Taking all our results for the sub-nucleation behavior together we draw the following conclusions: First, structure decay by itself it not very efficient in order to maximize yield. Second, the explicit choice of the sub-nucleation rates is of minor importance for the qualitative behavior. The system behaves similarly to the case $L_{n u c} = 2$ . Third, larger nucleation sizes mitigate the stochastic yield catastrophe in general.

Appendix 5

Time evolution of the yield in the activation and dimerization scenario

In the main text we focus on the final yield, which represents the maximal yield that can be obtained in the assembly reaction for $t \to \infty$ . Here, we briefly discuss the temporal evolution of the yield in the two scenarios. Appendix 5—figure 1 shows the yield as a function of time for the dimerization scenario (blue) and the activation scenario (red) for the corresponding parameters indicated in the plot. Drawn lines show the evolution of the yield in the stochastic simulation whereas dashed lines represent its deterministic evolution obtained by integrating the corresponding mean-field rate equations (only shown for the activation scenario).
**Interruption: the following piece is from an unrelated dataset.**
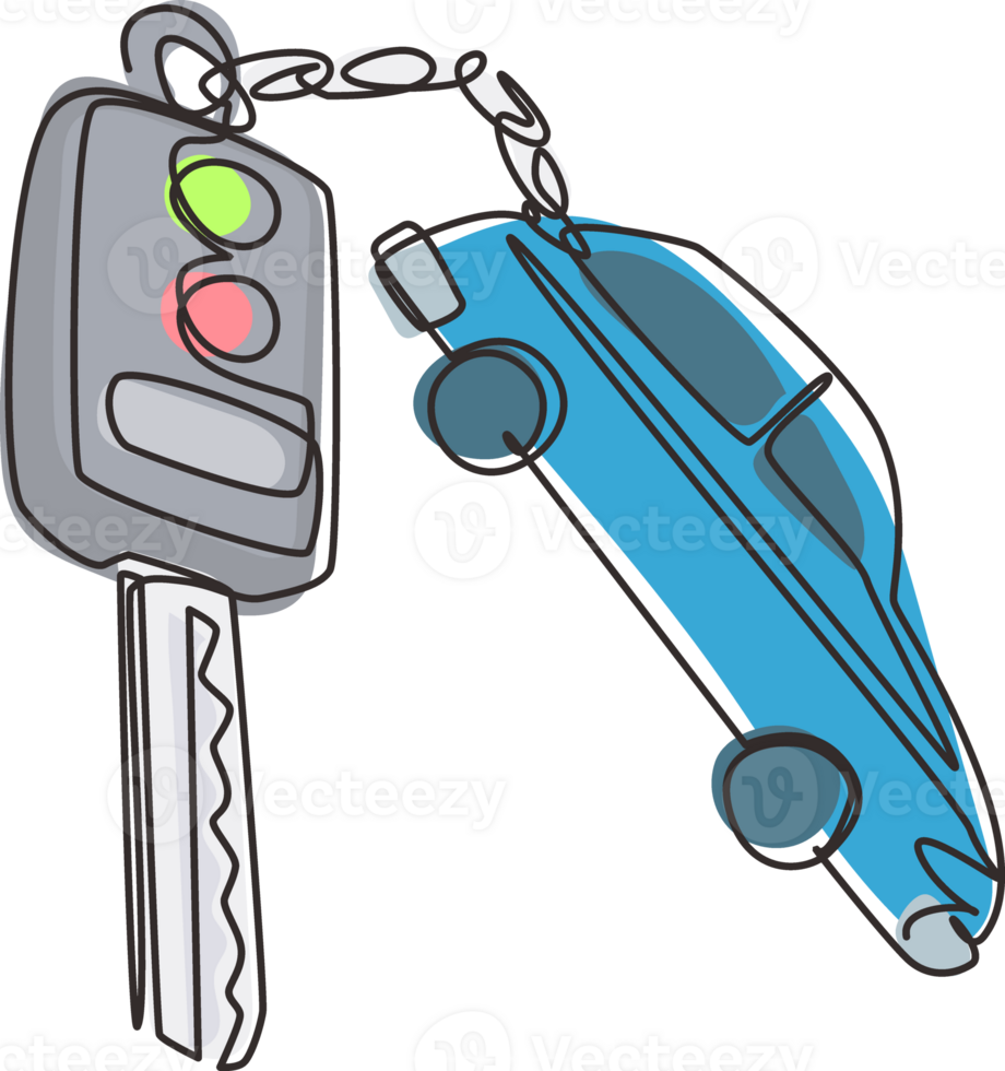 Single one line drawing key car and key ring over the metallic table. Clipping path included. Electronic car key front and back view and alarm system. Modern continuous line draw design graphic Pro PNG

In both scenarios, yield production sets in after a short lag time (Hagan and Elrad, 2010). The emergence of a lag time can be understood in terms of the interpretation of the assembly process as the progression of a travelling wave (see Sec. B). The travelling wave thereby describes the polymer size distribution and the time that is needed for the wave to reach the absorbing boundary equals the lag time for yield production observed in Appendix 5—figure 1. After the lag time, the yield increases very abruptly in the dimerization scenario and a bit more continually in the activation scenario. Since monomers are provided gradually in the activation scenario, the emerging wave is flatter and extends over a larger range (in polymer size space) as compared to the dimerization scenario. Consequently, yield production is more gradual in the activation scenario than in the dimerization scenario. For the same reason, the dimerization scenario is generally ‘faster’ or more time efficient than the activation scenario. For a detailed analysis of the time efficiency of these and other self-assembly scenarios we refer the reader to our manuscript in preparation (Gartner, Graf and Frey, in preparation).

In all depicted situations, the yield increases monotonically with time. This is, of course, generally true since the completed ring structures define an absorbing state in our system. The final yield, which is indicated in the right bar, therefore represents the upper limit for the yield that can be achieved in the assembly reaction. Appendix 5—figure 1 shows that the temporal yield curves initially are rather steep and quickly reach a value that lies within 10% of the final yield (‘quickly’ thereby refers to the respective time scale), before the curves flatten and increase more slowly. This underlines that the final yield is a meaningful observable that not only describes the upper limit for the yield but also approximates the typical yield of the assembly reaction under appropriate time constraints that are not too restrictive (on the time scale set by the respective lag time).

Appendix 5—figure 1

Download asset Open asset

Time evolution of the yield in the activation and dimerization scenario.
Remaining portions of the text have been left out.